● Available records
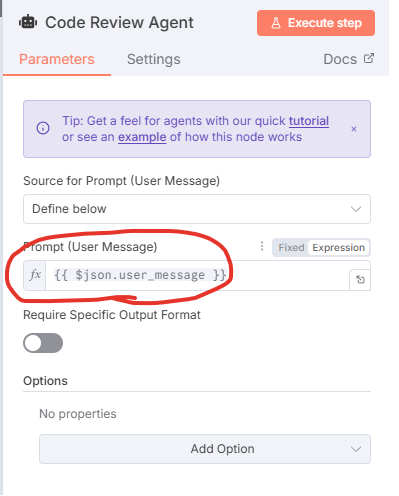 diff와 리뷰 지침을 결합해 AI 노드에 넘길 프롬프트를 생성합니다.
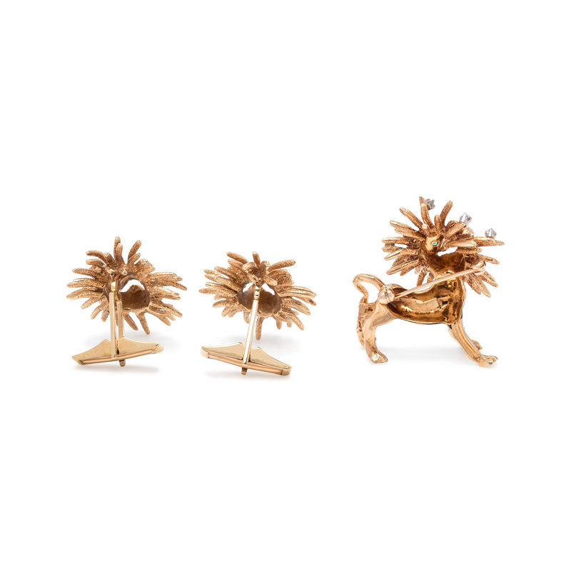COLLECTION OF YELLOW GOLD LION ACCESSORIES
---
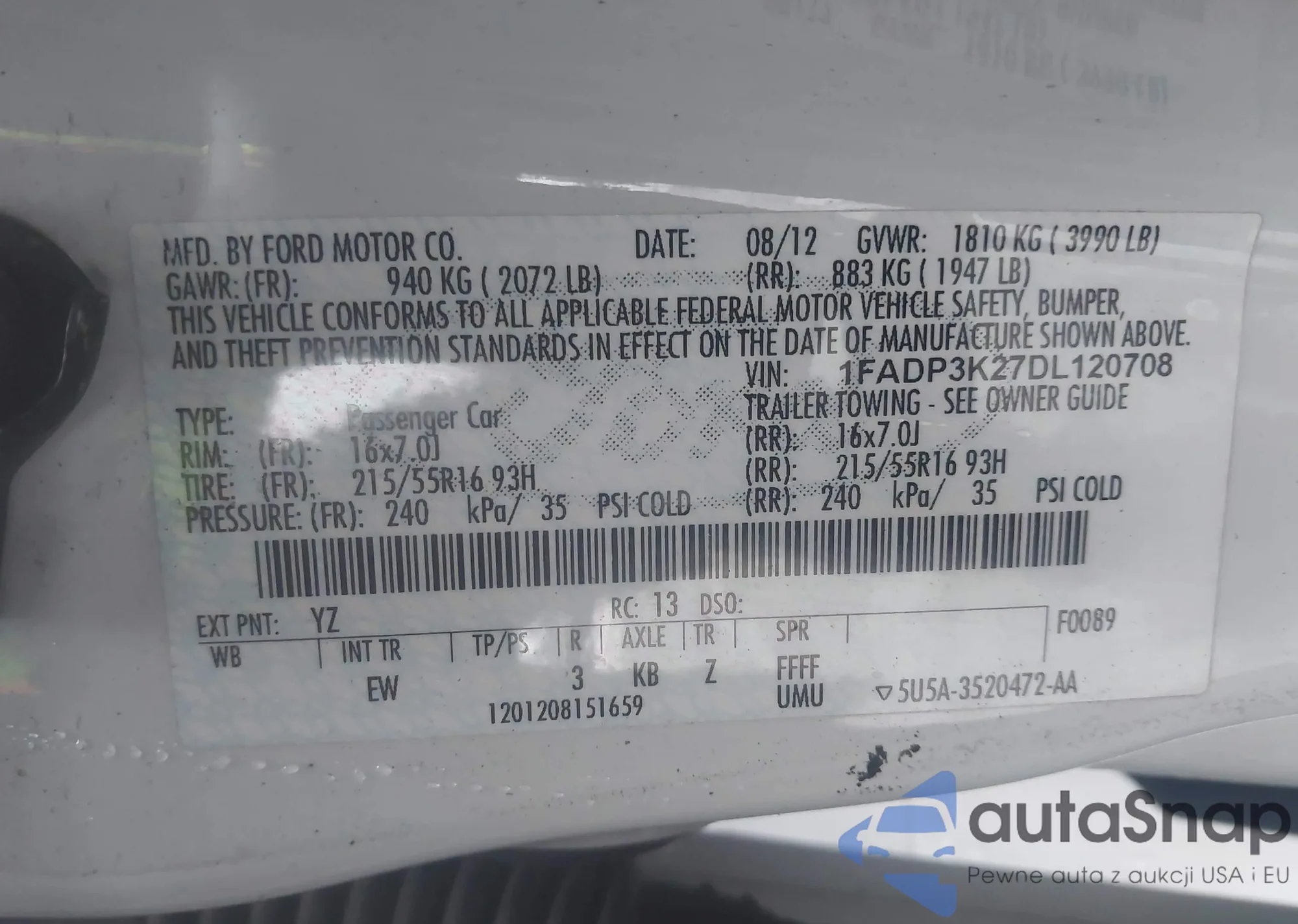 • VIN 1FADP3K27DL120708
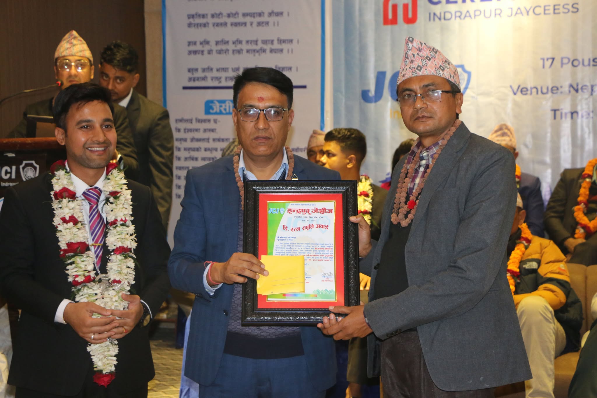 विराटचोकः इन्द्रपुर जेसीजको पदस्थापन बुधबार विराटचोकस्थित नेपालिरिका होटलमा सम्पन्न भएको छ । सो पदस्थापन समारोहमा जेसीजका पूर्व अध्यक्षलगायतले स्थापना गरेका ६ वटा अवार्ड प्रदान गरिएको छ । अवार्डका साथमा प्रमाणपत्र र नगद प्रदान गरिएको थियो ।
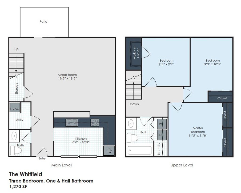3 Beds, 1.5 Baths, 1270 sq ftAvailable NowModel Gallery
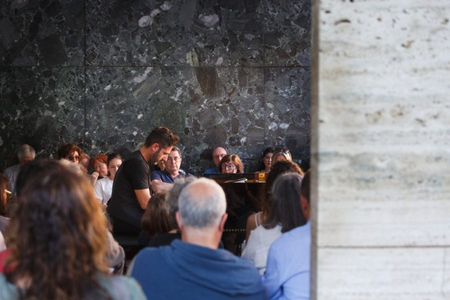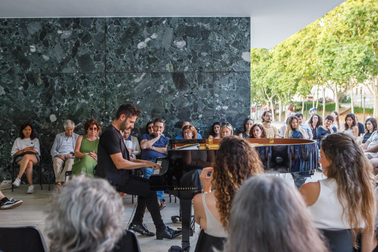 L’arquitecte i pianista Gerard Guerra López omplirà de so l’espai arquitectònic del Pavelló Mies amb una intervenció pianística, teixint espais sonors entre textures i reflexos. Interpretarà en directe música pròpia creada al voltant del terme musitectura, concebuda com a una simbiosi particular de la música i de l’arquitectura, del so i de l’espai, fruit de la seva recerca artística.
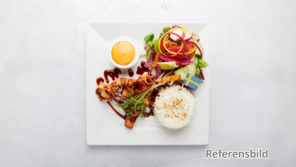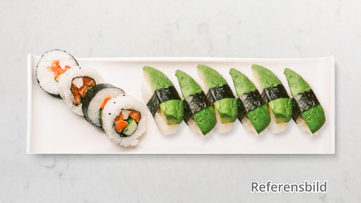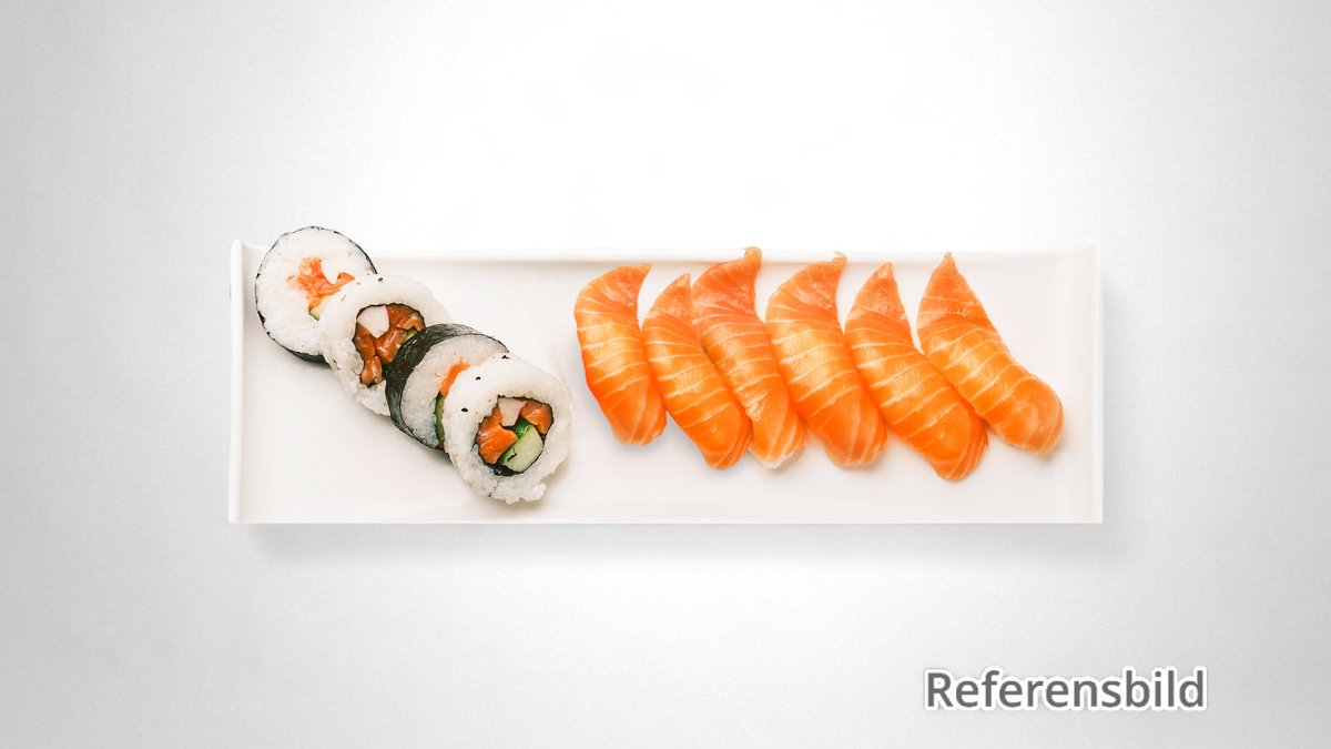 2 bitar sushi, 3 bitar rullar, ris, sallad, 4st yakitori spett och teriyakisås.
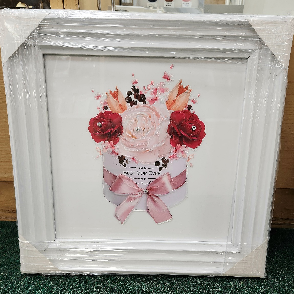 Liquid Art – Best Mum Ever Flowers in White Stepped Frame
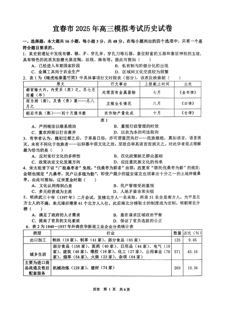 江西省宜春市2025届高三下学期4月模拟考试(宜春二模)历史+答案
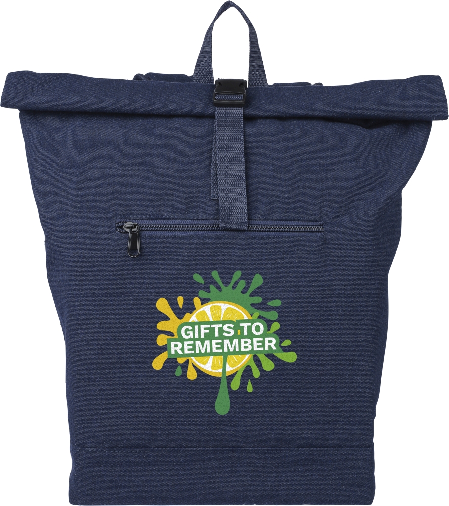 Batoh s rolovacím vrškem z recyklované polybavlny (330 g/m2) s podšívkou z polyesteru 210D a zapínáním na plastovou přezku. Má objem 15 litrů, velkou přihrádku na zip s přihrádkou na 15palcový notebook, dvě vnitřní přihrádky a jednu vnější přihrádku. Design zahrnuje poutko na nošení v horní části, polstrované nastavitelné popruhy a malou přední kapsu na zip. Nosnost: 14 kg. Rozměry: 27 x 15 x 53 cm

● Task item
With pictures excluded, reproduce exactly the lines above from the one containing "diff와 리뷰 지침을 결합해 AI 노드에 넘길 프롬프트를 생성합니다." down to the one containing "COLLECTION OF YELLOW GOLD LION ACCESSORIES", those two included.

● Your solution
 diff와 리뷰 지침을 결합해 AI 노드에 넘길 프롬프트를 생성합니다.
COLLECTION OF YELLOW GOLD LION ACCESSORIES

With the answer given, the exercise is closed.